• **What needs to be done**:
Below is a listing to repeat exactly, with its pictures left out.

• **Collected data**:

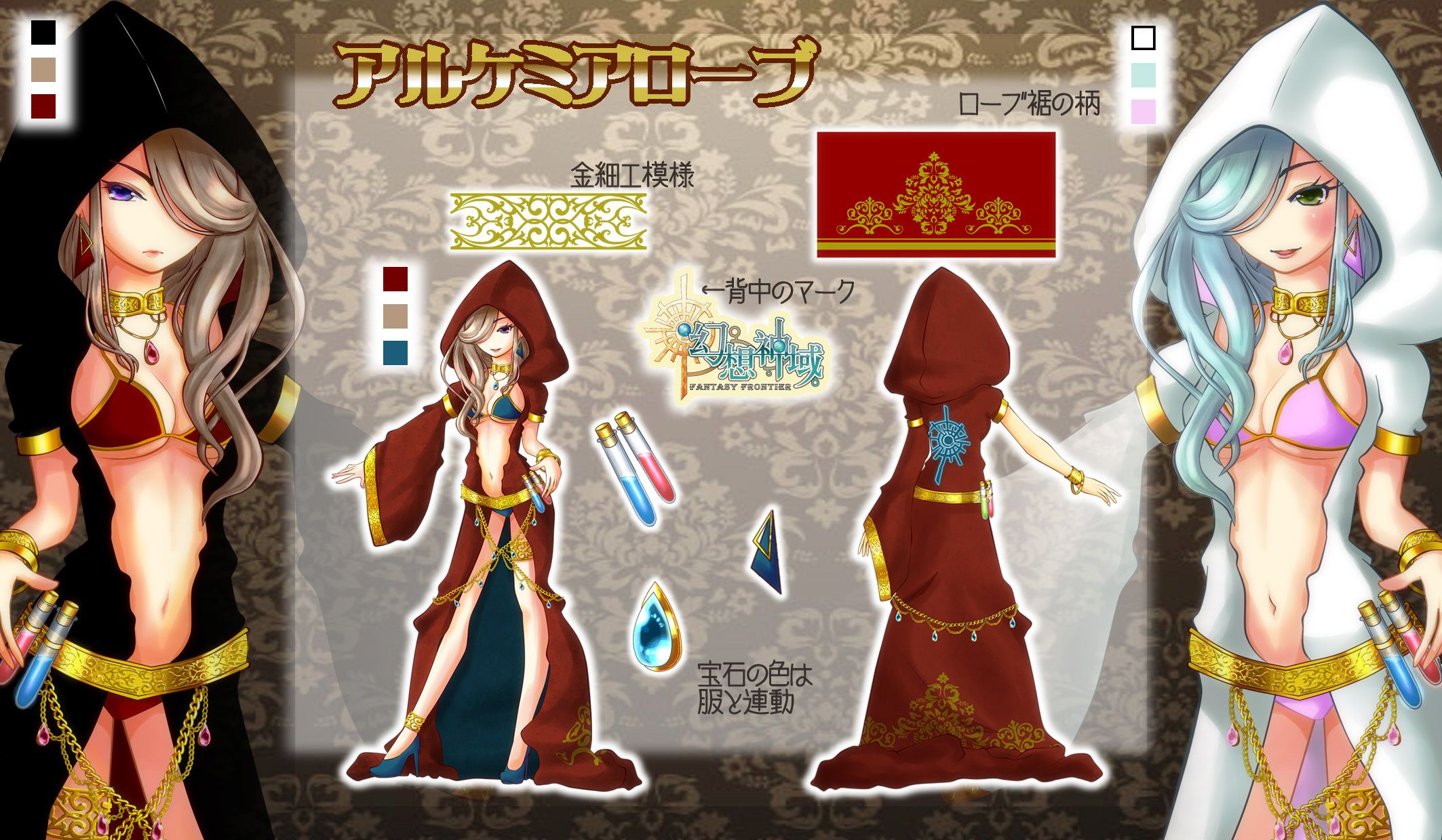 金色の部分とローブの模様、試験管の中身の色は変更不可です。 |
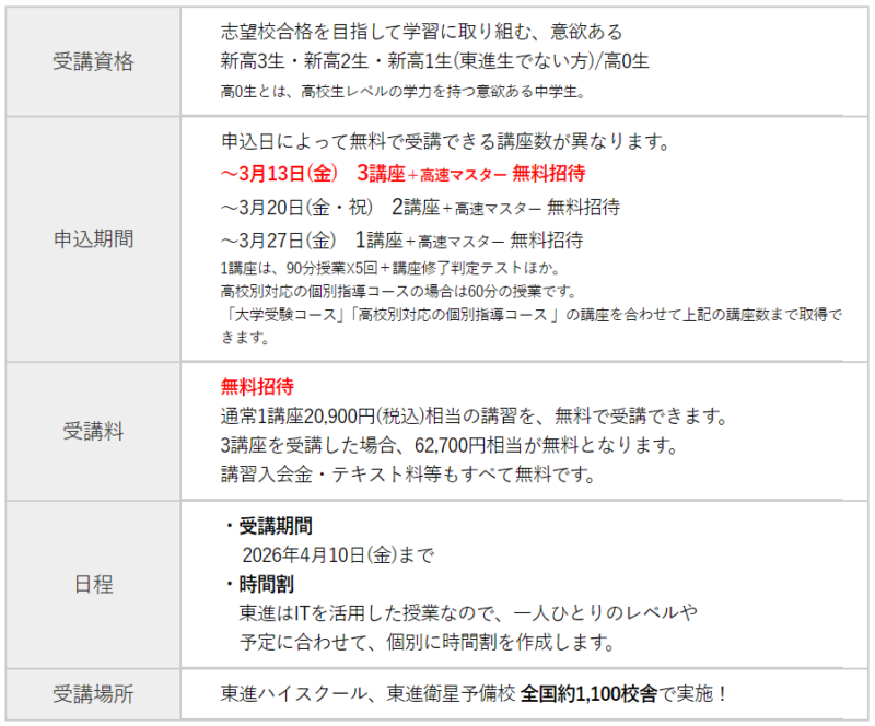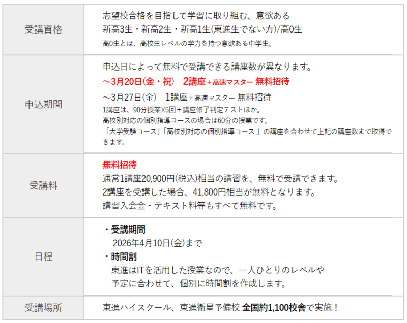 - 東進『新年度特別招待講習』受付中
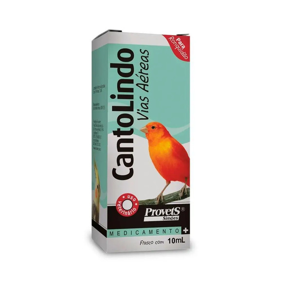 BULA .Canto Lindo - Vias Aéreas .Indicações:Canto Lindo - Vias Aéreas .éindicado no tratamento das afecções bronco-pulmonares (bronquite coriza resfriados laringotraqueites) nas aves em geral inclusive pássaros de gaiola e viveiros. .Fórmula:Cada 100ml de .Canto Lindo - Vias Aéreas contém:Tintura de eucalipto ........................................................................ 300mlTintura de lobélia ............................................................................. 150mlTintura de grindélia ......................................................................... 150mlTintura de guaco q.s.p ..................................................................... 1000ml .Posologia:Pingar no bebedouro a quantidade diária para cada ave.Pequenos pássaros ou crias de aves: administrar de 3 a 5 gotas de .Canto Lindo - Vias Aéreas .por dia. .Pássaros maiores ou aves adultas: administrar de 5 a 10 gotas de .Canto Lindo - Vias Aéreas .por dia.Esta água deve ser renovada diariamente. Repetir o tratamento diariamente atéa cura. .Apresentação do produto Canto Lindo - Vias Aéreas:Frasco conta-gotas contendo 10ml.FóRMULACada 100ml de .Canto Lindo - Vias Aéreas contém:Tintura de eucalipto ........................................................................ 300mlTintura de lobélia ............................................................................. 150mlTintura de grindélia ......................................................................... 150mlTintura de guaco q.s.p ..................................................................... 1000mlSOBRECanto Lindo - Vias Aéreas .éo melhor e mais indicado no tratamento das afecções bronco-pulmonares (bronquite coriza resfriados laringotraqueites) nas aves em geral inclusive pássaros de gaiola e viveiros. Adquira já .Canto Lindo - Vias Aéreas .e tenha sua ave muito mais saudável e feliz!!INDICAçõESCanto Lindo - Vias Aéreas .éindicado no tratamento das afecções bronco-pulmonares (bronquite coriza resfriados laringotraqueites) nas aves em geral inclusive pássaros de gaiola e viveiros.MODO DE USARPingar no bebedouro a quantidade diária para cada ave.Pequenos pássaros ou crias de aves: administrar de 3 a 5 gotas de .Canto Lindo - Vias Aéreas .por dia. .Pássaros maiores ou aves adultas: administrar de 5 a 10 gotas de .Canto Lindo - Vias Aéreas .por dia.Esta água deve ser renovada diariamente. Repetir o tratamento diariamente atéa cura.

• **Reply to the exercise**:
 金色の部分とローブの模様、試験管の中身の色は変更不可です。 |
 - 東進『新年度特別招待講習』受付中
 BULA .Canto Lindo - Vias Aéreas .Indicações:Canto Lindo - Vias Aéreas .éindicado no tratamento das afecções bronco-pulmonares (bronquite coriza resfriados laringotraqueites) nas aves em geral inclusive pássaros de gaiola e viveiros. .Fórmula:Cada 100ml de .Canto Lindo - Vias Aéreas contém:Tintura de eucalipto ........................................................................ 300mlTintura de lobélia ............................................................................. 150mlTintura de grindélia ......................................................................... 150mlTintura de guaco q.s.p ..................................................................... 1000ml .Posologia:Pingar no bebedouro a quantidade diária para cada ave.Pequenos pássaros ou crias de aves: administrar de 3 a 5 gotas de .Canto Lindo - Vias Aéreas .por dia. .Pássaros maiores ou aves adultas: administrar de 5 a 10 gotas de .Canto Lindo - Vias Aéreas .por dia.Esta água deve ser renovada diariamente. Repetir o tratamento diariamente atéa cura. .Apresentação do produto Canto Lindo - Vias Aéreas:Frasco conta-gotas contendo 10ml.FóRMULACada 100ml de .Canto Lindo - Vias Aéreas contém:Tintura de eucalipto ........................................................................ 300mlTintura de lobélia ............................................................................. 150mlTintura de grindélia ......................................................................... 150mlTintura de guaco q.s.p ..................................................................... 1000mlSOBRECanto Lindo - Vias Aéreas .éo melhor e mais indicado no tratamento das afecções bronco-pulmonares (bronquite coriza resfriados laringotraqueites) nas aves em geral inclusive pássaros de gaiola e viveiros. Adquira já .Canto Lindo - Vias Aéreas .e tenha sua ave muito mais saudável e feliz!!INDICAçõESCanto Lindo - Vias Aéreas .éindicado no tratamento das afecções bronco-pulmonares (bronquite coriza resfriados laringotraqueites) nas aves em geral inclusive pássaros de gaiola e viveiros.MODO DE USARPingar no bebedouro a quantidade diária para cada ave.Pequenos pássaros ou crias de aves: administrar de 3 a 5 gotas de .Canto Lindo - Vias Aéreas .por dia. .Pássaros maiores ou aves adultas: administrar de 5 a 10 gotas de .Canto Lindo - Vias Aéreas .por dia.Esta água deve ser renovada diariamente. Repetir o tratamento diariamente atéa cura.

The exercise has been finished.